For the data below, transcribe the part that opens with the line containing "одежду на сквозняке." and closes with the line containing "Aufschrift   Hochzeitseinladung", exactly and with no pictures.

━━━━━━━━━━━━━━━━━━━━━━━━━━━━━━

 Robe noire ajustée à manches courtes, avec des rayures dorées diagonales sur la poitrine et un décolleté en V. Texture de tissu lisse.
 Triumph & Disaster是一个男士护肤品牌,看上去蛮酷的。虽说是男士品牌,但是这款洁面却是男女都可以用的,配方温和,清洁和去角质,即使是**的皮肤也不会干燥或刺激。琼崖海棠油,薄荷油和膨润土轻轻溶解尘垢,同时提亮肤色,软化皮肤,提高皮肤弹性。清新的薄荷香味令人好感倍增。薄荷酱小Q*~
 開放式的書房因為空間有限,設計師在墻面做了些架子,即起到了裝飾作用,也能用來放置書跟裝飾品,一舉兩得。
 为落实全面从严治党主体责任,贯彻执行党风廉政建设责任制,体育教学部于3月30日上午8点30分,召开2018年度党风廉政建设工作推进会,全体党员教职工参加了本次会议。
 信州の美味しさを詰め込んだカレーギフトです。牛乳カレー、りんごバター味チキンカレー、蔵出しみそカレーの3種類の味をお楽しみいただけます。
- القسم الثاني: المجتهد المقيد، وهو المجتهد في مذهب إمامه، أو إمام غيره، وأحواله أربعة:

━━━━━━━━━━━━━━━━━━━━━━━━━━━━━━

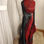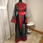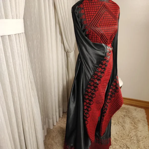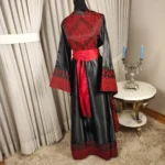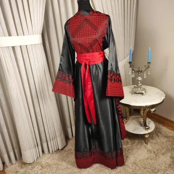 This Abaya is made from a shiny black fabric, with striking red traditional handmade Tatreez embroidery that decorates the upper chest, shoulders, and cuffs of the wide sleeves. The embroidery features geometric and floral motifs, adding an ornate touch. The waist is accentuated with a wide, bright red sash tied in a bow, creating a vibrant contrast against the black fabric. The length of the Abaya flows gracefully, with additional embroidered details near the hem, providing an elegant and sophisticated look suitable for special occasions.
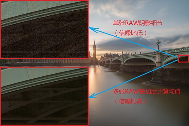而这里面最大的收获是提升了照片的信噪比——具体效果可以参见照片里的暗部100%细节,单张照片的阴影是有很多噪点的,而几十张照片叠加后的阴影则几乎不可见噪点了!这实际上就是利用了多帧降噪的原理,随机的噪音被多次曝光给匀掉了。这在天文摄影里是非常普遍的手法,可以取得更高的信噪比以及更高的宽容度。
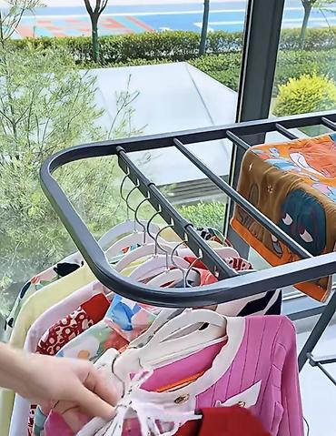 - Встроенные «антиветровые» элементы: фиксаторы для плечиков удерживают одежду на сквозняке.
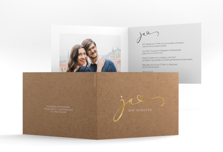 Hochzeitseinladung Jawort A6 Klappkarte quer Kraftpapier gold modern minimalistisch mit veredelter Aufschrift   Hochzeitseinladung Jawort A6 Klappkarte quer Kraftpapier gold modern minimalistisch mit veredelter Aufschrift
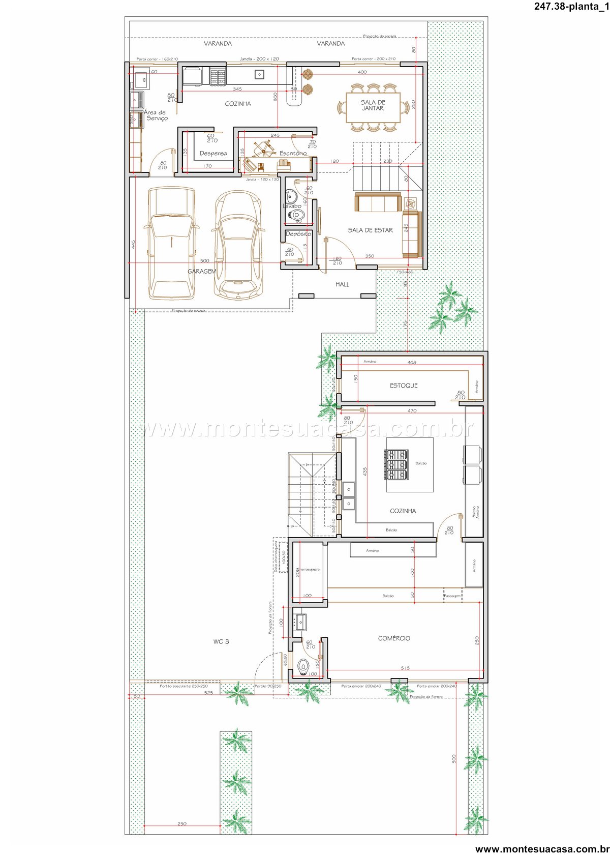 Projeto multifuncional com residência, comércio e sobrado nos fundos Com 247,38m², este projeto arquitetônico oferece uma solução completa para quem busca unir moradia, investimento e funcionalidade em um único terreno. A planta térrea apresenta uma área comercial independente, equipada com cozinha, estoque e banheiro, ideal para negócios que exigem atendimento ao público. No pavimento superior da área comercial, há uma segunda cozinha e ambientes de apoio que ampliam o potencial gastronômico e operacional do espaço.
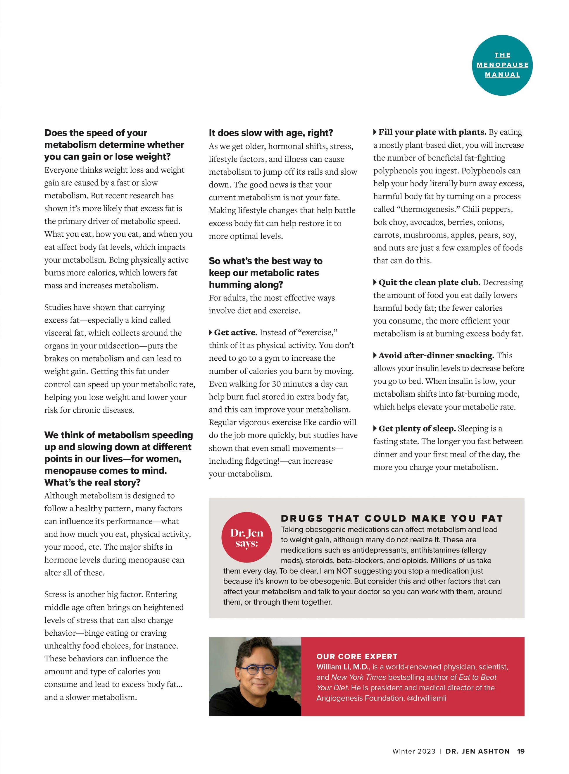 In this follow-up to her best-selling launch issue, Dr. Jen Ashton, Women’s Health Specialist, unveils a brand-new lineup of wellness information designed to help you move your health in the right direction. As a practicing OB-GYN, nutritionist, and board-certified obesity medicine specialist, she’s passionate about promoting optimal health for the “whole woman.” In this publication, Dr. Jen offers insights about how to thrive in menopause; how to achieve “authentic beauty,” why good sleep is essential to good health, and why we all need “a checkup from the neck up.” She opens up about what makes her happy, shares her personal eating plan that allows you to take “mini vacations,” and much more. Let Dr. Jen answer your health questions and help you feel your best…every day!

━━━━━━━━━━━━━━━━━━━━━━━━━━━━━━

-- EXERCISE RESULT --
 - Встроенные «антиветровые» элементы: фиксаторы для плечиков удерживают одежду на сквозняке.
 Hochzeitseinladung Jawort A6 Klappkarte quer Kraftpapier gold modern minimalistisch mit veredelter Aufschrift   Hochzeitseinladung Jawort A6 Klappkarte quer Kraftpapier gold modern minimalistisch mit veredelter Aufschrift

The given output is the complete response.